AI Impact Assessments
(1 models)Scientific Impact Assessment: "Query Symbolically or Retrieve Semantically? A Dataset and Method for Semi-Structured Question Answering"
1. Core Contribution
This paper addresses a genuine gap in RAG systems: the inability to handle semi-structured corpora where answering requires both semantic understanding and exact symbolic operations (filtering, aggregation, exhaustive enumeration). The proposed DualGraph framework constructs two complementary graph views from the same document corpus—a Textual Knowledge Graph (TKG) for semantic retrieval and a Symbolic Knowledge Graph (SKG) for formal SPARQL-based querying over typed triples. Multiple orchestration strategies (fallback, routing, concatenation, agentic) combine these views.
Additionally, the paper introduces SpecsQA, a benchmark of 117 manually curated questions over 2,162 Samsung UK product pages, spanning inverse queries, multi-condition filtering, group comparisons, and open-ended reasoning. The dataset includes both natural-language and canonical product-list answers, enabling both soft and deterministic evaluation.
2. Methodological Rigor
Strengths in methodology:
Weaknesses in methodology:
3. Potential Impact
The paper addresses a practical and commercially relevant scenario: QA over product catalogs, enterprise documentation, and customer-support systems where structured specifications coexist with unstructured text. This is a common real-world setting where existing RAG systems demonstrably struggle.
The dual-graph architecture is conceptually clean and could inspire similar hybrid approaches in domains like healthcare records (structured lab values + clinical notes), legal documents (structured clauses + free text), or scientific databases. The general principle of maintaining parallel symbolic and semantic representations with fallback mechanisms is broadly applicable.

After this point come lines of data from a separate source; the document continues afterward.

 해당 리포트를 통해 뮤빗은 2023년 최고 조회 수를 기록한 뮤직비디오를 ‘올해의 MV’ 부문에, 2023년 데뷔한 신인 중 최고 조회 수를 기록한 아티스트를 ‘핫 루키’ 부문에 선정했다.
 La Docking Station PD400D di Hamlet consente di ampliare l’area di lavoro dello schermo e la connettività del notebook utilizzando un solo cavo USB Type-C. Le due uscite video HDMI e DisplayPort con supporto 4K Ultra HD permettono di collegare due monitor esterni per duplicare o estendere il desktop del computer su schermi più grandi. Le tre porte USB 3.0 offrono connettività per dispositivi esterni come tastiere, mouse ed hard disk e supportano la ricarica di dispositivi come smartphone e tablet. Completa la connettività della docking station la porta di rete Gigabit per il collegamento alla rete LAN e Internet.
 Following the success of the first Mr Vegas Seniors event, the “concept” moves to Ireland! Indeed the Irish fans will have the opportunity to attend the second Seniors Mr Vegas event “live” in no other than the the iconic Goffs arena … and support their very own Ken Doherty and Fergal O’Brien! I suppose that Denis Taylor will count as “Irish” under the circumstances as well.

However, impact may be limited by:
4. Timeliness & Relevance
The paper is highly timely. RAG systems are being widely deployed, and their limitations on semi-structured data are increasingly apparent in industrial applications. The observation that neither pure semantic retrieval nor pure symbolic approaches suffice—and that their combination yields substantial gains—is a valuable empirical finding for the RAG community.

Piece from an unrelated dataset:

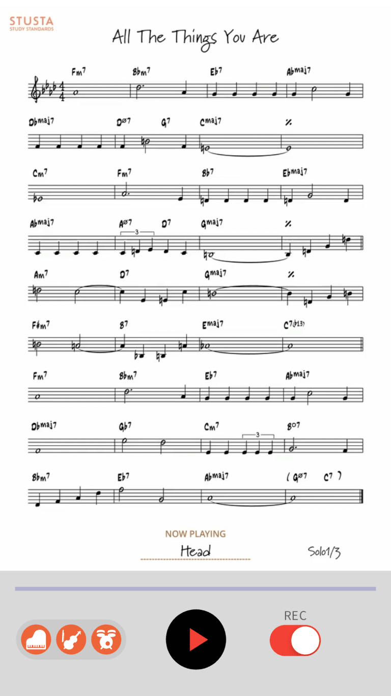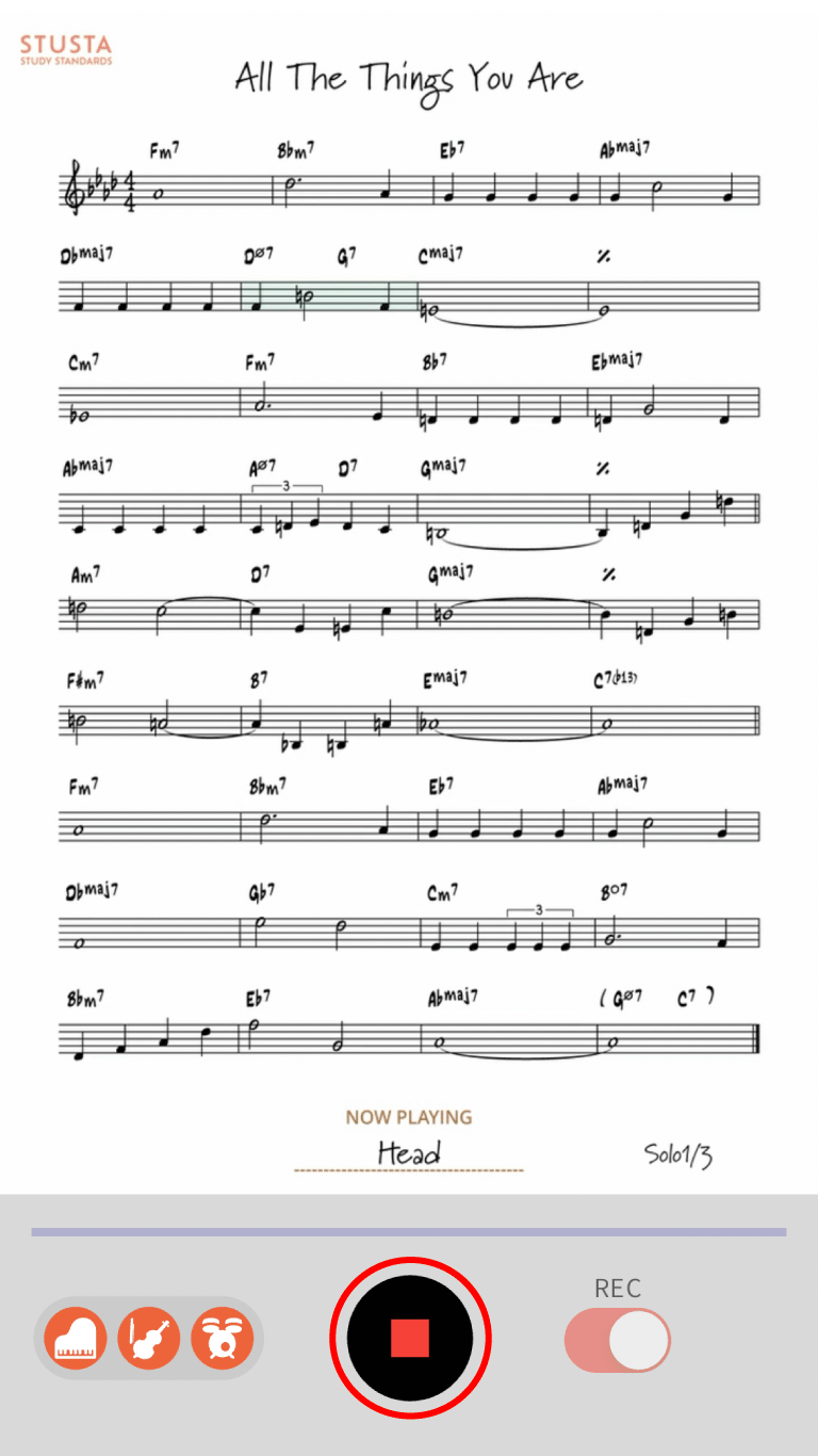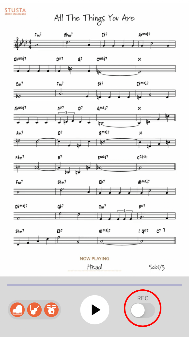 1. デバイスから直接音源が再生される状態(ヘッドフォンなど接続していない状態)であることを確認し、RECボタンをオンにする。

The paper also arrives at a moment when GraphRAG is gaining significant traction (Microsoft GraphRAG, HippoRAG, etc.), and the demonstrated superiority of DualGraph over these systems on specification-heavy queries provides useful guidance for practitioners.
5. Strengths & Limitations
Key Strengths:
Key Limitations:
Overall Assessment
This is a solid systems paper that identifies a real limitation in current RAG architectures, proposes a principled hybrid solution, and demonstrates its effectiveness through comprehensive experiments. The dual-graph concept is sound and the engineering is careful. However, the scientific contribution is somewhat incremental—combining symbolic and semantic retrieval is a well-known idea, and the specific implementation choices (manual ontology, heuristic alignment) limit generalizability. The benchmark, while useful, is too small to become a standard community resource. The paper's primary value lies in its empirical demonstration that hybrid retrieval substantially outperforms pure approaches on semi-structured QA, and in providing a concrete, reproducible implementation of this principle.
Generated May 27, 2026
Comparison History (16)
Paper 2 addresses a practical and broadly applicable problem in RAG systems with a concrete, reproducible framework (DualGraph) and publicly available code/data. It tackles the important gap between semantic and symbolic retrieval for semi-structured data, which has immediate real-world applications across many domains. Paper 1 proposes an interesting ethical pluralism framework but operates in a narrower niche with a relatively small custom benchmark (450 cases), and its real-world applicability to AI alignment remains more speculative. Paper 2's dual-view approach is more likely to be adopted and extended by the broader NLP/IR community.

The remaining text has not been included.